◆ **MATERIAL FOR THIS EXERCISE**:
↓↓↓
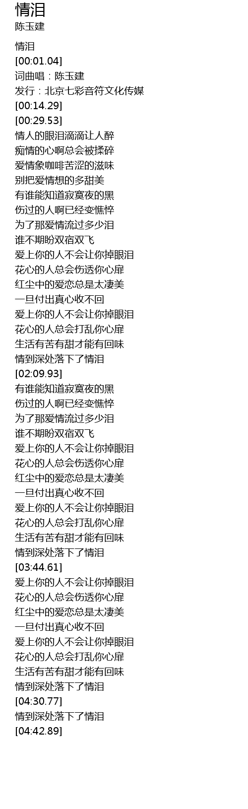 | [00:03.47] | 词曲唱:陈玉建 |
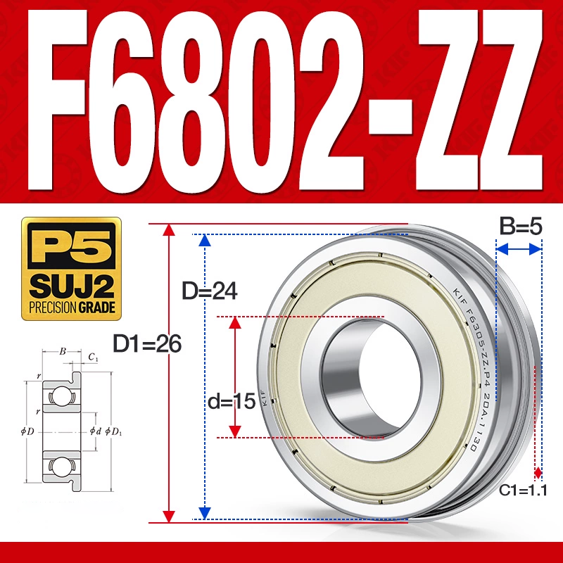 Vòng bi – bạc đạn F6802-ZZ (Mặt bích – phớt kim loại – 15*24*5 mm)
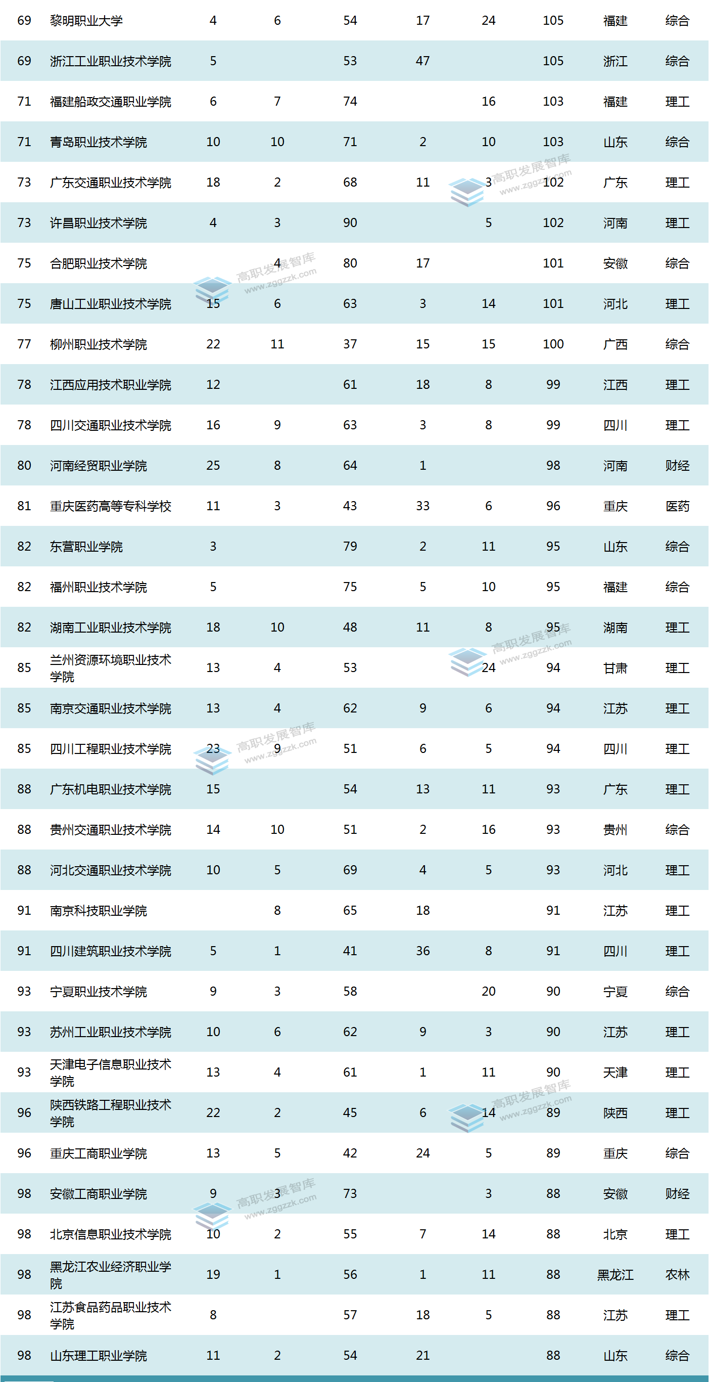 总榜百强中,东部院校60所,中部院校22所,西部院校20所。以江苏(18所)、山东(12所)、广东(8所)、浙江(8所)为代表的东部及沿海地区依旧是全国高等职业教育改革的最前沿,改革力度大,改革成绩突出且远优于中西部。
↑↑↑
↓↓↓
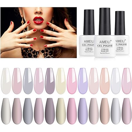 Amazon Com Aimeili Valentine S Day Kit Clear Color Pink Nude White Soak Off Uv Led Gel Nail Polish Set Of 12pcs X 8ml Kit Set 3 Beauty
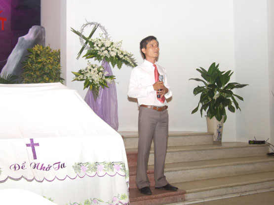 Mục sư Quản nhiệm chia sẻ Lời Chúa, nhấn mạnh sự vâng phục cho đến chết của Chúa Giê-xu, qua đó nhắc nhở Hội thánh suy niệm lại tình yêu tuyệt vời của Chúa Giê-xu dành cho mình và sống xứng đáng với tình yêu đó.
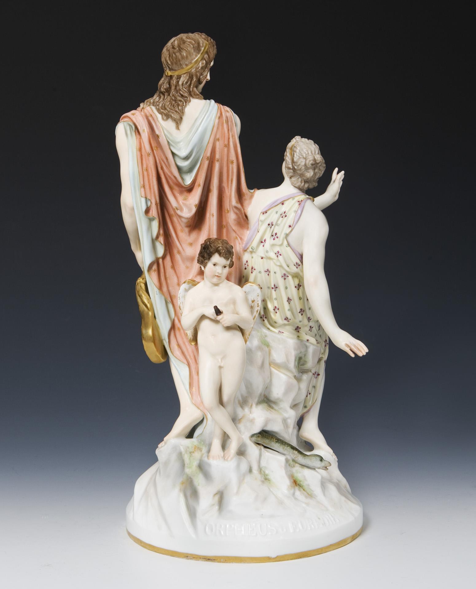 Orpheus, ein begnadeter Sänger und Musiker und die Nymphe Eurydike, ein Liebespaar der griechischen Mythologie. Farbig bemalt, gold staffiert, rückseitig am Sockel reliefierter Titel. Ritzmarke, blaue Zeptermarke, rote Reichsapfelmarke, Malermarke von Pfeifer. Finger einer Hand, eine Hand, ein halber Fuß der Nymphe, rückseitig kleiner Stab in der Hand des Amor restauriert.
↑↑↑
↓↓↓
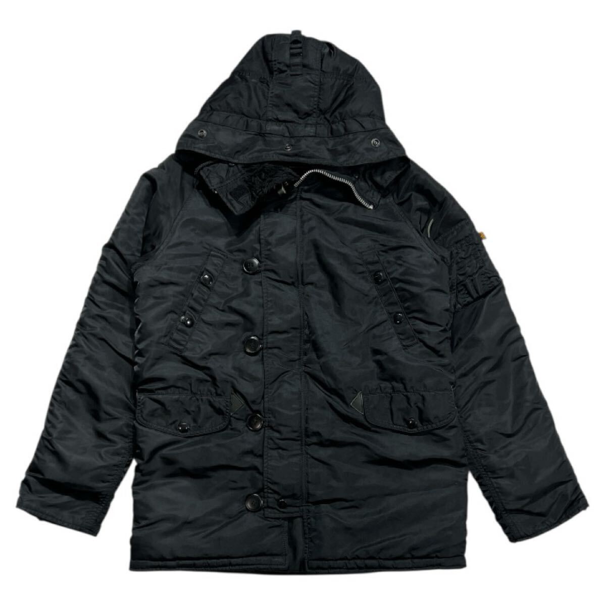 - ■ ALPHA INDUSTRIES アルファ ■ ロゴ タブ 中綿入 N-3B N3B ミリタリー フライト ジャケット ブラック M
↑↑↑
◆ **INSTRUCTIONS TO FOLLOW**:
Set the pictures aside and transcribe exactly the stretch of lines above, beginning with the one holding "[00:03.47] | 词曲唱:陈玉建 |" and ending with the one holding "总榜百强中,东部院校60所,中部院校22".

◆ **COMPLETED TASK**:
 | [00:03.47] | 词曲唱:陈玉建 |
 Vòng bi – bạc đạn F6802-ZZ (Mặt bích – phớt kim loại – 15*24*5 mm)
 总榜百强中,东部院校60所,中部院校22所,西部院校20所。以江苏(18所)、山东(12所)、广东(8所)、浙江(8所)为代表的东部及沿海地区依旧是全国高等职业教育改革的最前沿,改革力度大,改革成绩突出且远优于中西部。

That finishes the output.